- Born: June 2, 1929 Rosario, Santa Fe Province, Argentina
- Died: July 17, 2024 (aged 95) Montreal, Quebec, Canada
- Occupations: Composer, conductor, pianist, music educator
- Spouse: Meg Sheppard

= Alcides Lanza =

Canadian composer, conductor, pianist and music educator (1929–2024)

Alcides Emigdio Lanza (June 2, 1929 – July 17, 2024) was an Argentine-born Canadian composer, conductor, pianist, and music educator. As both a composer and performer he was known as an exponent of contemporary classical music and avant-garde music. His works often utilize a combination of traditional and unusual instruments, and incorporate electronic sounds and extensions. Many of his compositions are published by Boosey & Hawkes, and Lanza himself owned his own publishing company, Shelan Editions. He was an associate of the Canadian Music Centre, a member of the Canadian League of Composers, and an Honorary Member of the Canadian Electroacoustic Community. In 2019 Lanza was named a Member of the Order of Canada.

Lanza died on July 17, 2024, at the age of 95.

==Background==
Born in Rosario, Santa Fe, Lanza received his initial musical training in Buenos Aires where he was a pupil of Julián Bautista (music composition), Ruwin Erlich (piano), Alberto Ginastera (composition), and Roberto Kinsky (conducting). He received a scholarship from the Torcuato di Tella Institute in 1963-1964 which enabled him to pursue advanced studies in music composition and electronic music. He received further grants from the Ford Foundation (1966) and the Pan American Union (1967–1969) and was awarded a Guggenheim Fellowship (1965). All of these enabled him to pursue further training in the United States with such teachers as Olivier Messiaen, Riccardo Malipiero, Aaron Copland, Bruno Maderna, and Yvonne Loriod.

==Career==
From 1959 to 1965, Lanza was a pianist and vocal coach at the Teatro Colón in Buenos Aires. He also served as the President of Agrupacion Música Viva during that time. While studying in the United States during the late 1960s he worked at the Columbia-Princeton Electronic Music Center with Vladimir Ussachevsky. In 1971 he moved to Canada, joining the music faculty of McGill University in the city of Montreal. From 1974 to 2003 he was the director of that school's prestigious Electronic Music Studio. Among his notable pupils are composers Peter Allen, Eli-Eri Moura, Nicole Rodrigue, and John Burke.

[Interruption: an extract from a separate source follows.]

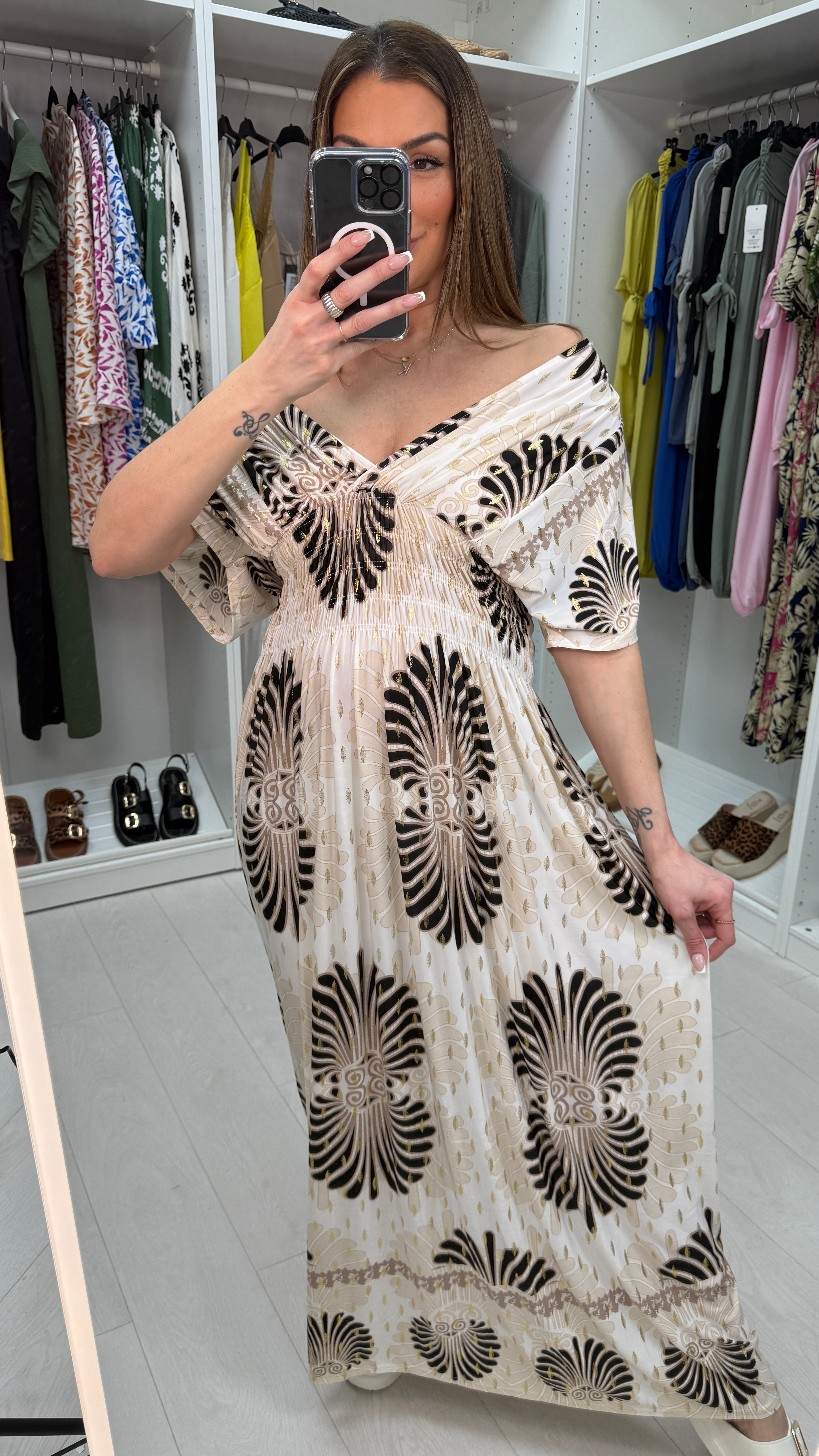 Yasmina Mosaic Print V Neck Magic Maxi Dress

In 1972 Lanza became the director of the Société de musique contemporaine du Québec (SMCQ), remaining in that role for only a short time. The SMCQ later commissioned him to write Plectros IV which was premiered in 1975 by the piano duo of Bruce Mather and Pierrette LePage. In 1972-1973 he was composer-in-residence at the German Academic Exchange Service in Berlin and he gave recital tours in Scandinavia and Germany. He went on to found the Composers/Performers Group, an organization that garnered much controversy among critics for its multimedia presentations in cities such as New York and Montreal.

In 1986 he toured Argentina and Brazil with his wife, actress and singer Meg Sheppard, presenting concerts of Canadian music.
He was an honorary member of the Colegio de Compositores Latinoamericanos de Música de Arte, founded by the Mexican composer Manuel de Elías.

In 2003, the Canada Council for the Arts named Alcides Lanza as a winner of the 2003 Victor Martyn Lynch-Staunton Award, recognizing his career accomplishments as a composer.

The Lanza portrait in the Canadian Composers Portraits series was released in 2007.

At a ceremony in Madrid, Lanza received the 2014 SGAE Tomás Luis de Victoria Prize for Ibero-American Music, recognizing his compositional career and his contribution to the dissemination of Ibero-American music.